Image by Daniele Prati, via Flickr Commons
The mind of Kurt Vonnegut, like the protagonist of his best-known novel Slaughterhouse-Five, must have got “unstuck in time” somewhere along the line. How else could he have managed to write his distinctive brand of satirical but sincere fiction, hyper-aware of past, present, and future all at once? It must have made him a promising contributor indeed for Volkswagen’s 1988 Time magazine ad campaign, when the company “approached a number of notable thinkers and asked them to write a letter to the future — some words of advice to those living in 2088, to be precise.”
The beloved writer’s letter to the “Ladies & Gentlemen of A.D. 2088” begins as follows:
It has been suggested that you might welcome words of wisdom from the past, and that several of us in the twentieth century should send you some. Do you know this advice from Polonius in Shakespeare’s Hamlet: ‘This above all: to thine own self be true’? Or what about these instructions from St. John the Divine: ‘Fear God, and give glory to Him; for the hour of His judgment has come’? The best advice from my own era for you or for just about anybody anytime, I guess, is a prayer first used by alcoholics who hoped to never take a drink again: ‘God grant me the serenity to accept the things I cannot change, courage to change the things I can, and wisdom to know the difference.’
Our century hasn’t been as free with words of wisdom as some others, I think, because we were the first to get reliable information about the human situation: how many of us there were, how much food we could raise or gather, how fast we were reproducing, what made us sick, what made us die, how much damage we were doing to the air and water and topsoil on which most life forms depended, how violent and heartless nature can be, and on and on. Who could wax wise with so much bad news pouring in?
For me, the most paralyzing news was that Nature was no conservationist. It needed no help from us in taking the planet apart and putting it back together some different way, not necessarily improving it from the viewpoint of living things. It set fire to forests with lightning bolts. It paved vast tracts of arable land with lava, which could no more support life than big-city parking lots. It had in the past sent glaciers down from the North Pole to grind up major portions of Asia, Europe, and North America. Nor was there any reason to think that it wouldn’t do that again someday. At this very moment it is turning African farms to deserts, and can be expected to heave up tidal waves or shower down white-hot boulders from outer space at any time. It has not only exterminated exquisitely evolved species in a twinkling, but drained oceans and drowned continents as well. If people think Nature is their friend, then they sure don’t need an enemy.

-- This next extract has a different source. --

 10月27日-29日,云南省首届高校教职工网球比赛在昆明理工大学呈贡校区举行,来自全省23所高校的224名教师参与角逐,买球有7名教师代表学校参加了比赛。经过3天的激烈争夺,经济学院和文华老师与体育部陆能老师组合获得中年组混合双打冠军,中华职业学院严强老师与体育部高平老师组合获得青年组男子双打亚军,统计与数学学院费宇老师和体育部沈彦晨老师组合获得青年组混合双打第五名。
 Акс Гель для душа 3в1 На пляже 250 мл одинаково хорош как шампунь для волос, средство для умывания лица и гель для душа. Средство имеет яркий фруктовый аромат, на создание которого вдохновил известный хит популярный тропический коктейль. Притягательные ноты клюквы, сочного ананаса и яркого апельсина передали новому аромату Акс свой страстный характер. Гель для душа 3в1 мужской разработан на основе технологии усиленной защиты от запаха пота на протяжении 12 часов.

You can read the whole thing at Letters of Note, where Vonnegut goes on to give his own interpretation of humanity’s perspective at the time, when “we were seeing ourselves as a new sort of glacier, warm-blooded and clever, unstoppable, about to gobble up everything and then make love — and then double in size again.” He puts the question to his future-inhabiting readers directly: “Is it possible that we aimed rockets with hydrogen bomb warheads at each other, all set to go, in order to take our minds off the deeper problem—how cruelly Nature can be expected to treat us, Nature being Nature, in the by-and-by?”

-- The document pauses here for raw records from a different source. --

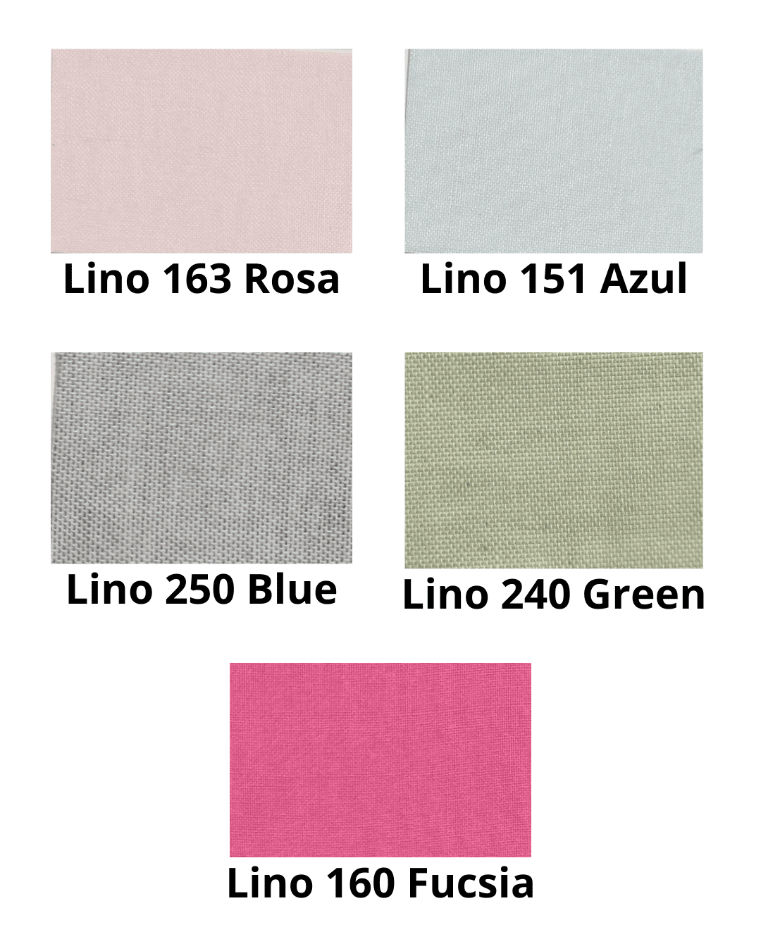 Lino 151 Celeste, Lino 160 Fucsia, Lino 163 Rosa, Lino 240 Green, Lino 250 Blue
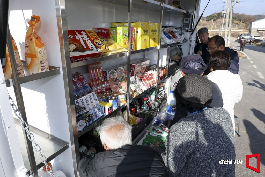 1일 충남 당진 합덕읍 도곡1리마을회관에 마련된 가가호호 찾아가는 당진농촌이동장터를 찾은 주민들이 물품을 구매하고 있다. 강진형 기자
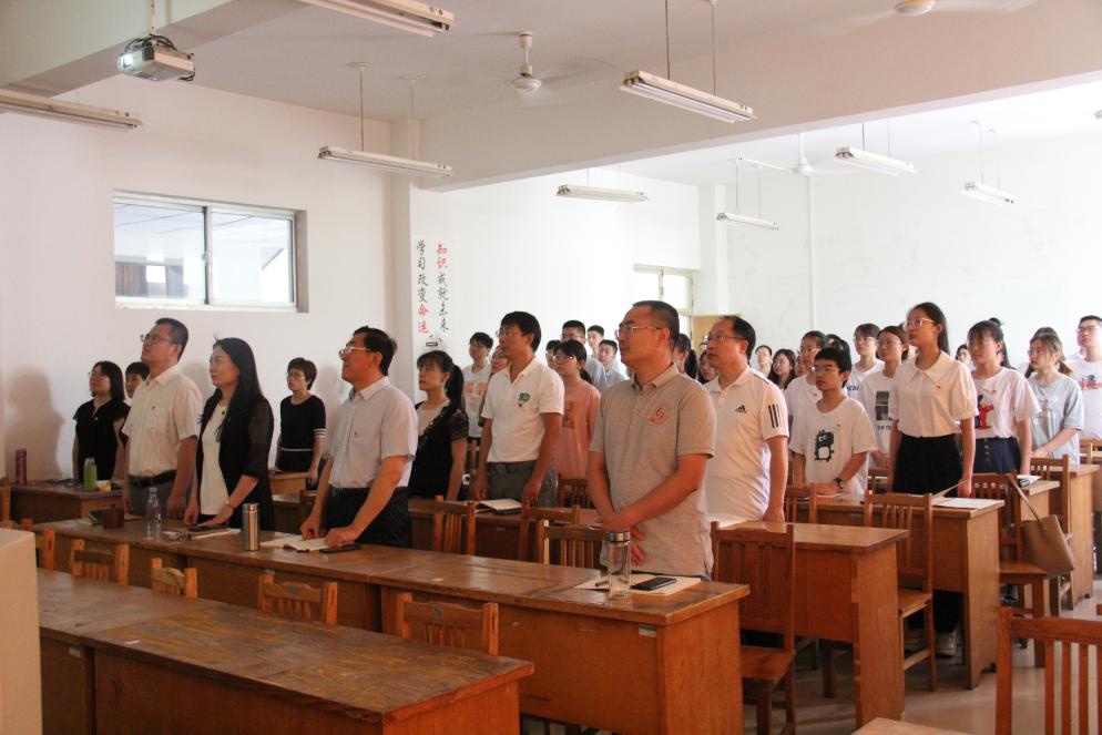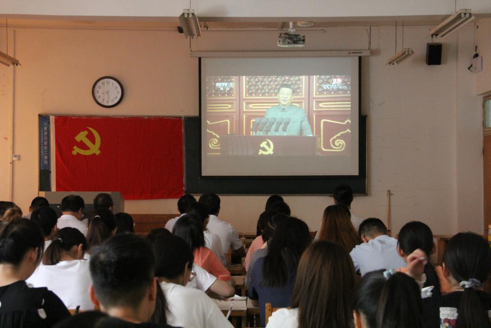 8时许,伴随100响礼炮响彻云霄,庆祝大会在天安门广场隆重开幕。全体党员起立,同唱国歌,向冉冉升起的五星红旗行注目礼。大家满怀激动的心情,全程认真收看了大会直播,仔细聆听了习近平总书记在庆祝大会上的重要讲话。现场,全体党员共同为党庆生的喜悦,以及身为一名中共党员、一名中国人的自豪感与荣誉感,化作了一波接一波的热烈掌声久久回响在教室内外。
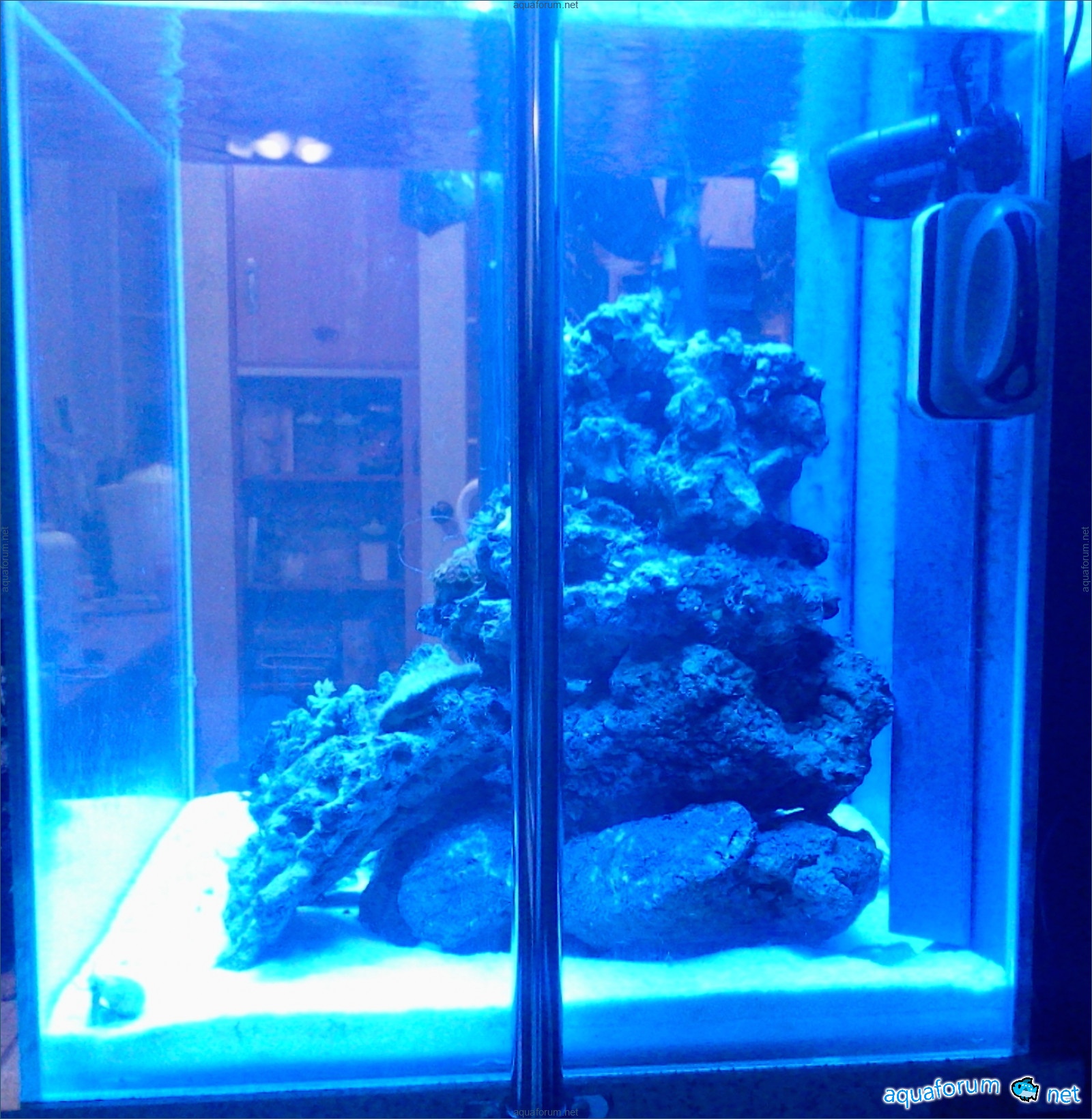 В октябре-ноябре поставлены по заказу аквариум и тумба. В декабре закончены обдумывания сампа и на китайской помпе отработан перелив. В феврале закончено самодельничание со светильником. В марте-апреле собрано оборудование, электрика и автоматика. 23 апреля, на пасху, засолена вода. 29 апреля собран риф. Это и есть фактическая дата воплощения моих фантазий и желаний.

Finally, Vonnegut issues seven commandments — as much directed to readers of the late 20th century as to readers of the late 21st, or indeed to those of the early 21st in which you read this now — intended to help humanity avert what he sees as the utter catastrophe looming ahead:
- Reduce and stabilize your population.
- Stop poisoning the air, the water, and the topsoil.
- Stop preparing for war and start dealing with your real problems.
- Teach your kids, and yourselves, too, while you’re at it, how to inhabit a small planet without helping to kill it.
- Stop thinking science can fix anything if you give it a trillion dollars.
- Stop thinking your grandchildren will be OK no matter how wasteful or destructive you may be, since they can go to a nice new planet on a spaceship. That is really mean, and stupid.
- And so on. Or else.
Volkswagen had asked him to look one hundred years into the future. As of this writing, 2088 lies less than 75 years ahead, and how many of us would agree that we’ve heeded most or even any of his prescriptions? Then again, Vonnegut grants that pessimism may have got the better of him; perhaps the future will bring with it a utopia after all, one where “nobody will have to leave home to go to work or school, or even stop watching television. Everybody will sit around all day punching the keys of computer terminals connected to everything there is, and sip orange drink through straws like the astronauts,” a comically dystopian utopia, and not an entirely un-prescient one — a Vonnegutian vision indeed.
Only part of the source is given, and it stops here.